1.BÖLÜM: ARAŞTIRMANIN YÖNTEMİ

Hipotez 13.3: Bireyin çevredeki insanların kendisinden daha mutlu olmasından rahatsızlık duyması ile suç eğilimi arasında anlamlı ve pozitif bir ilişki mevcuttur

2. BÖLÜM: KURAMSAL ÇERÇEVE

2.1. SOSYOLOJİK SUÇ TEORİLERİ

2.1.1. Gerilim (Strain) ve Anomi (Anomie) Teorileri

Gerilim ve Anomi teorileri, kendilerinden sonra gelen suç teorilerinin temellerini atan ve bugün hala sıklıkla atıfta bulunulan teoriler olarak, suç sosyolojisinin temel kuramları arasında yer almaktadırlar.

Zembroski (2011), çağdaş suç teorilerinin birçoğunun Durkheim’in İntihar (1897) isimli çalışmasında ortaya atılan ve daha sonra Merton’un gerilim (strain) teorisine ilham kaynağı olan anomi (kuralsızlık) teorisinden etkilendiğini ifade etmektedir.

Durkheim, suçun nedenlerinin bireyin psikolojisi veya biyolojik özelliklerinde saklı olduğu düşüncesinin hakim olduğu 1800’lu yıllar döneminde, suçun nedeninin bireyin psikolojik ve biyolojik özelliklerinde değil, içinde bulunduğu grup ve sosyal organizasyonda aranması gerektiğini ifade etmiştir (Zembroski, 2011:242). Bu çerçevede Durkheim’in çalışmaları, Quetelet ve Guerry tarafından öncülüğü yapılan istatistiki ve ekolojik çalışmalara hakim olan düşünce şeklinin yeniden canlandırılması olarak görülebilir. Durkheim, kentleşme sürecinin suçu artırdığını ileri süren ilk sosyal bilimcilerden bir tanesi olarak karşımıza çıkmaktadır. Sosyolojinin kurucularından olan Durkheim’a göre, sanayileşme ile birlikte toplumsal dinamiklerde gerçekleşen değişimler, geleneksel bağları (mekanik bağlılık-mechanic solidarity) zedelemekte, belki “bireyselciliği”

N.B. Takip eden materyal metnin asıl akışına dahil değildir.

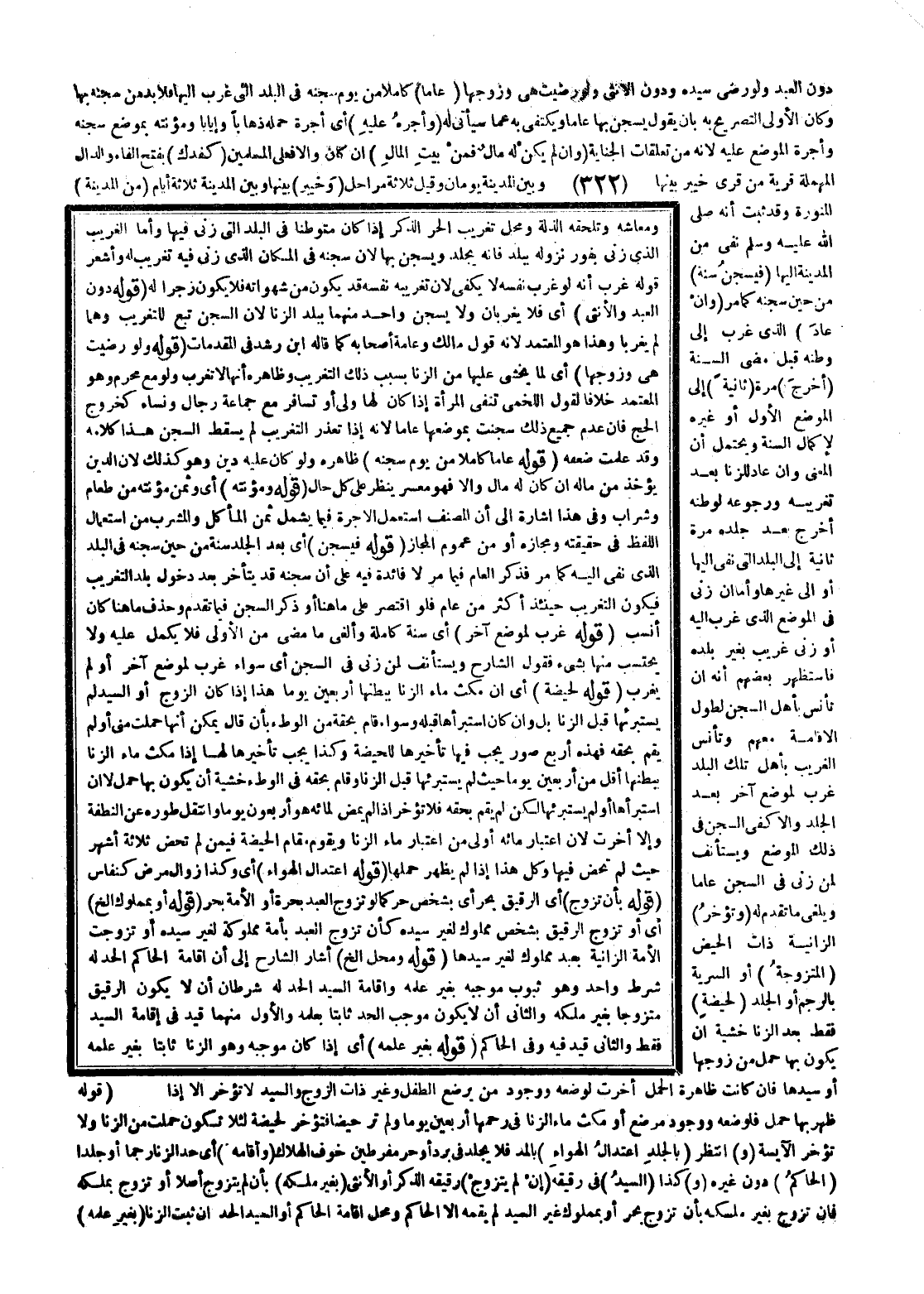 (قَوْلُهُ: دُونَ الْعَبْدِ وَالْأُنْثَى) أَيْ فَلَا يُغَرَّبَانِ وَلَا يُسْجَنُ وَاحِدٌ مِنْهُمَا بِبَلَدِ الزِّنَا؛ لِأَنَّ السَّجْنَ تَبَعٌ لِلتَّغْرِيبِ وَهُمَا لَمْ يُغَرَّبَا وَهَذَا هُوَ الْمُعْتَمَدُ؛ لِأَنَّهُ قَوْلُ مَالِكٍ وَعَامَّةِ أَصْحَابِهِ كَمَا قَالَهُ ابْنُ رُشْدٍ فِي الْمُقَدِّمَاتِ.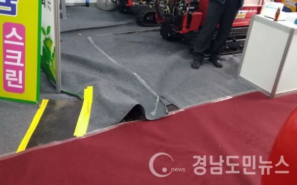아래 사진은 농기계 전시관의 또다른 모습이다. 바닥에 깔린 카펫이 무거운 농기계의 시운전으로 접착테이프가 떨어지고 말려 올라간 모습이다.

(individualism) artırarak daha fazla özgürlük alanı sağlamakta, ancak kentleşmenin hızlanması, kentlere göç türü eğilimler, birbiriyle ortak geçmişi, birlikte yaşayarak oluşturdukları ortak değerleri olmayan, farklı sosyal çevrelerde yetişen ve farklı etnik kökenlere, kültürlere sahip bireylerin bir araya gelmesiyle oluşan kentsel yaşama (organic solidarity-organik bağlılık), kuralsızlık ve kontrolsüzlüğe ortam hazırlamaktadır. Böyle bir ortam, özellikle siyasi istikrarsızlık ve ekonomik kriz gibi toplumsal yapının derinden etkilendiği dönemlerde, grupların/bireylerin bir arada yaşamasını sağlayan değer ve normların etkinliğini yitirmesine ve böylece bir sosyal düzensizlik ortamının, yani anominin oluşmasına neden olmaktadır. Durkheim, böyle dönemlerde üzerinde uzlaşılan değerlerin değişmesi ve/veya etkinliğini yitirmesi nedeniyle toplumda suç oranlarının artabileceğini ifade etmiştir. Böylece suça yapısal fonksiyonalist yaklaşımı da ortaya koymuş olmaktadır: insan davranışı, insanın içinde yaşadığı sosyal yapının bir ürünüdür, buna göre suç davranışının oluşmasında da belirleyici olan toplumsal yapıdır. Toplumlar modernleştikçe, kentleştikçe ve değiştikçe, küçük gruplara has geleneksel yakınlık kaybolmakta, insanlar arasındaki yakın ilişkinin azalması ile birlikte ortak değerler de yok olmakta, toplumda bireylerin birbirinden farklı ve zıt çıkarlarınınn çatışması sebebiyle oluşan çelişkiler insanların hayatlarının öngörülemez olmasına ve grupların çıkarlarının çatışmasına neden olmaktadır. Nüfus yapısındaki değişimler nedeniyle köklü kuralların varlığını yitirmesi, toplumlarda kuralsızlığın ve anomi durumunun ortaya çıkmasına neden olmaktadır. (Zembroski 2011:243).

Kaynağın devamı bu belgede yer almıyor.